Project Summary
Neonatal sepsis is a leading cause of death in newly born babies resulting from a bloodstream infection
caused by a variety of bacterial pathogens. Despite increased hygiene practices, LOS incidence has
paradoxically increased in the past forty years due to an increase in cases resulting from commensal species
from the of the normal skin and intestinal flora. Intriguingly, in a substantial portion of LOS, the pathogen can
be found as a resident of the neonatal gut microbial community prior to disease, yet it remains unclear how
bacterial pathogens translocate from the intestine and how the neonatal immune system initially reacts to gut
originating pathogen translocation. In my preliminary studies, I have shown gut residing bacteria can
translocate the epithelium via goblet cells forming goblet cell associated antigen passages (GAPs) and require
CX3CR1 mononuclear phagocytes (MNPs) to gain access to the circulation. Bacterial translocation prior to day
of life 10 is inhibited by maternally supplied proteins in breastmilk. Asynchronous cross-fostering (ACF) of 1
day old pups to dams having delivered a litter 10 days prior results in bacterial translocation between DOL1-
DOL10. Both commensal bacteria and pathogenic clinical sepsis-causing isolates could translocate and gain
systemic access physiologically In ACF mice. However, only mice gavaged with pathogenic E.coli succumbed
to a sepsis-like disease following translocation of pathogenic E.coli, despite similar bacteria burden when
compared to ACF mice with commensal E. coli. ACF mice with pathogenic E.coli, developed an inflammatory
signature in the intestinal lamina propria and had increased systemic IL6, produced by CX3CR1+ MNPs,
suggesting a mechanism to differentially respond to translocation commensals and pathogens by the mucsoal
immune system. It has been assumed the neonatal response is one of immaturity and ignorance that lacks the
ability to properly fight bacterial pathogens due to a state of immunosuppression until the immune system fully
matures. However, my preliminary data indicates a sophisticated innate immune system able to sense distinct
bacterial differences and perceive potential pathogenic threats. My hypothesis based on recent clinical findings
of a cytokine signature unique to neonates including increased serum IL-6 is that this response is initiated by
the MNP cells within the intestine that encounter the translocating bacteria. This project will utilize animal
models, sepsis pathogens, and a variety of flow cytometry-based assays to explore the innate immune
response to sepsis pathogens following translocation from the intestine.

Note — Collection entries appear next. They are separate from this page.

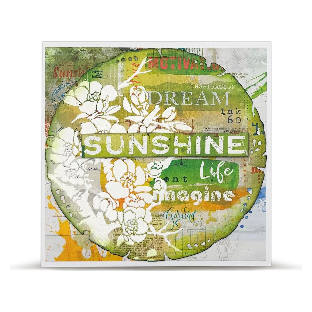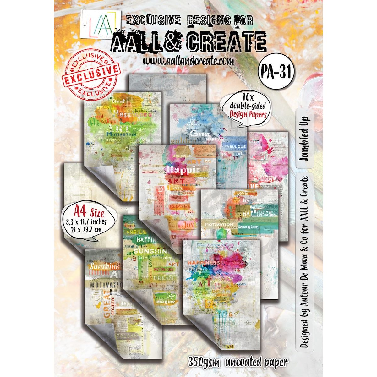AALL & Create Sketch Streams A5 Design Paper, designed by Autour De Mwa & Co. for the Artful Impressions Collection, brings a vibrant charm to your creative projects. This pack includes 10 double-sided heavyweight (350gsm) uncoated sheets, each measuring approximately 5.8 x 8.3 inches (148 x 210mm). The designs feature artistic collages of handwritten text, coffee rings, ledger numbers, bold splashes of yellow, green, blue, and pink, along with scattered words like "Happiness," "Rainbow," "Love," "Sunshine," and "Art."
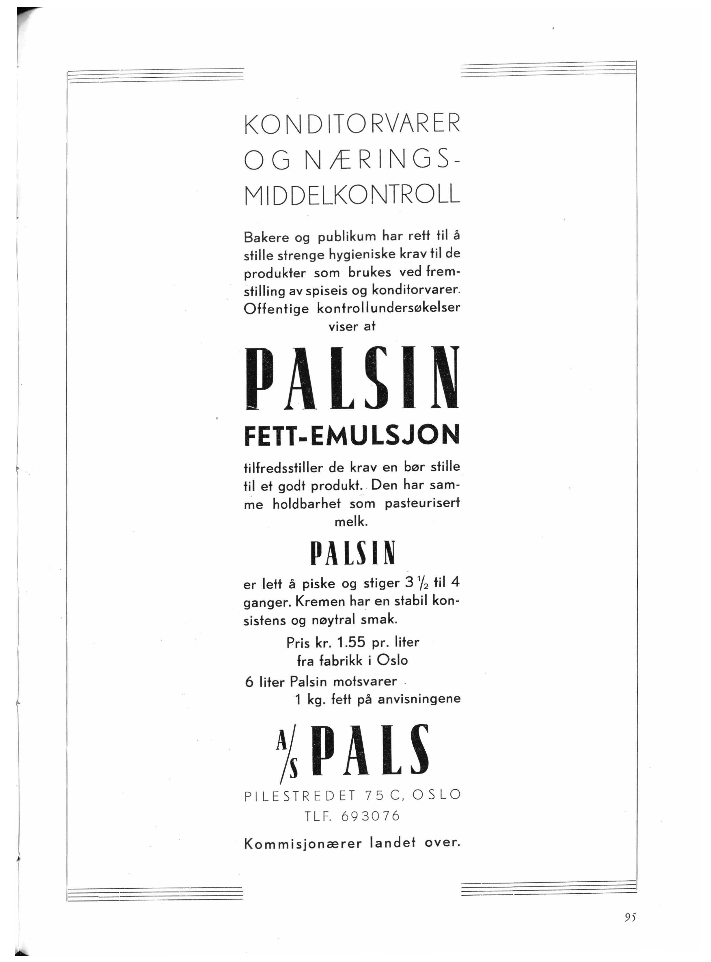 Pris kr. 1.55 pr. liter fra fabrikk i Oslo
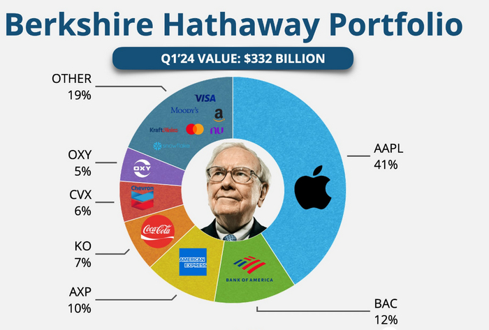 Это как раз наш самый любимый активный управляющий - Баффет. И его текущий портфель (1 кв.24).
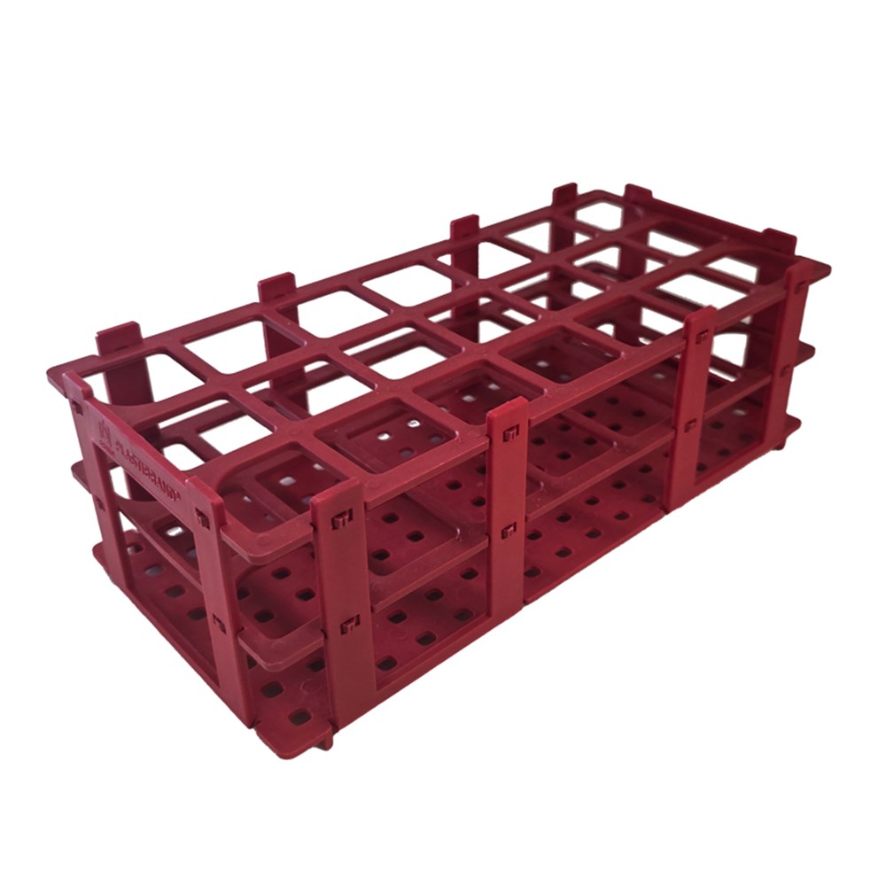 Sturdy construction, stackable. Versatile and inexpensive racks for common diameter test tubes. Filled PP, density 1.2 g/cm3. Will not float in water bath. Alphanumerical positions for clear sample identification. Wide spaces between positions. Operating temperature -20 to 90 °C. Autoclavable (121 °C). Racks are supplied in three-pieces for convenient and permanent assembly.
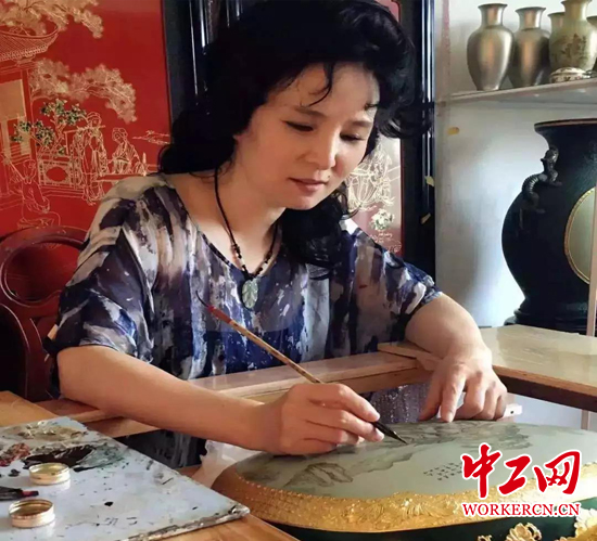 “一年只能出两三幅、三四幅作品,创作一个作品时间很长,要一部分一点点地上色。”上官俊华说,漆是很稠的,它是有粘性的。更重要我们脱胎漆器是要在一个器皿上呈现,它是立体的东西,包括它设计也是。“一个作品要有生命力,要融入自己的情感,自己的思维,自己想表达的语言。”
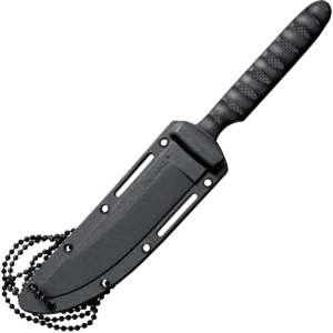 Entirely re-engineered for this year our Spike series continue to raise the bar for neck knives! Thin, light and super-tough, their razor sharp, zero ground blades, are complemented by heavily scalloped, textured handle scales that offer a comfortable, secure grip. Integral quillons provide a safe stop for index finger and thumb, while the textured Faux G-10 provides excellent positive traction even when your hands are cold, wet and slippery. Available in four distinctive blade shapes (Bowie, Drop Point, Tokyo and Tanto point) they offer all the strength of a solid steel one-piece construction (much stronger than any tactical folder and even rivaling the strength of some boot knives) while still being light enough to carry all day without fatigue. The Spike series is come complete with a Secure-Ex sheath that provides greater retention and safety. Super lightweight (weighing in at 3oz in the sheath!) the Spikes can be comfortably worn around the neck 24/7 by using the black bead lanyard provided, or carried on a waistband or belt by taking advantage of their Tek-Lok™ compatible design.
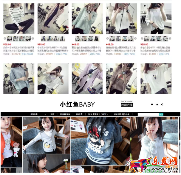 上面這兩個女裝、女童店鋪的圖片點擊率都是非常高的,女裝的直通車無線點擊率能達到5%。而這兩家店圖片看起來就是非常符合主圖通透、衣服與背景對比鮮明這兩個特點。

Following the completion of this
project, I will understand the innate immune response following pathogen translocation, defining the dynamics
of how CX3CR1 MNPs may contribute to systemic dissemination of bacteria, and how these processes may
differ from the response following commensal translocation. Additionally, this work will allow for the
development of interventions and preventative therapeutics specific for neonatal sepsis cases, by
understanding the unique aspects of the neonatal response to gut originating bacterial pathogens.